[Dataset section]
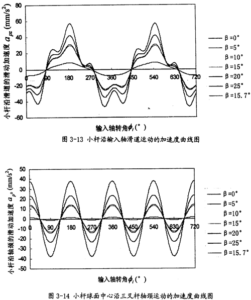 由曲线图3-13可以看出,小杆沿滑道的运动加速度其变化较为复杂,变化具有周期性,变化频率为一个回转周期1次。随两轴夹角β的增大其最大值增长较快,它的值可以作为动力分析和设计计算的重要依据。
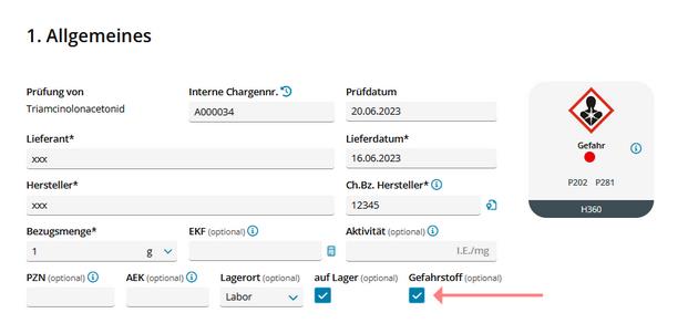 In der Ausgangsstoffprüfung können Sie künftig Ihre Stoffe als Gefahrstoff kennzeichnen. Dies geschieht automatisch, sofern uns Gefahrstoffdaten vorliegen.
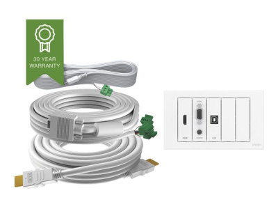 VISION TechConnect 3 Wall-Mount Faceplate Package - Modulaarisen laitteiston levysarja pikakiinnittimillä ja kaapeilla - HD-15, miniliitin: stereo, 3,5 mm, HDMI, USB Tyyppi B - mattavalkoinen - 2-moduuli
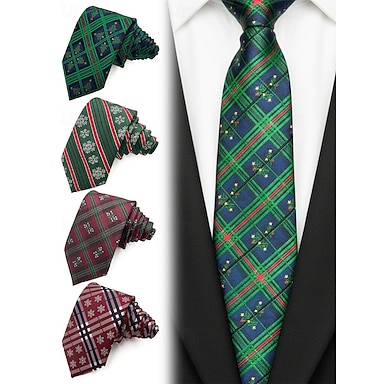 cravatte natalizie da uomo, motivi festivi, plaid rosso e verde, fiocchi di neve, pronte per essere regalate, molteplici modelli per feste di Natale e abbigliamento da ufficio

[Aim of the exercise] Drop the pictures, then transcribe the lines from the one containing "VISION TechConnect 3" to the end of the data above, exactly and nothing more.

[Result]
 VISION TechConnect 3 Wall-Mount Faceplate Package - Modulaarisen laitteiston levysarja pikakiinnittimillä ja kaapeilla - HD-15, miniliitin: stereo, 3,5 mm, HDMI, USB Tyyppi B - mattavalkoinen - 2-moduuli
 cravatte natalizie da uomo, motivi festivi, plaid rosso e verde, fiocchi di neve, pronte per essere regalate, molteplici modelli per feste di Natale e abbigliamento da ufficio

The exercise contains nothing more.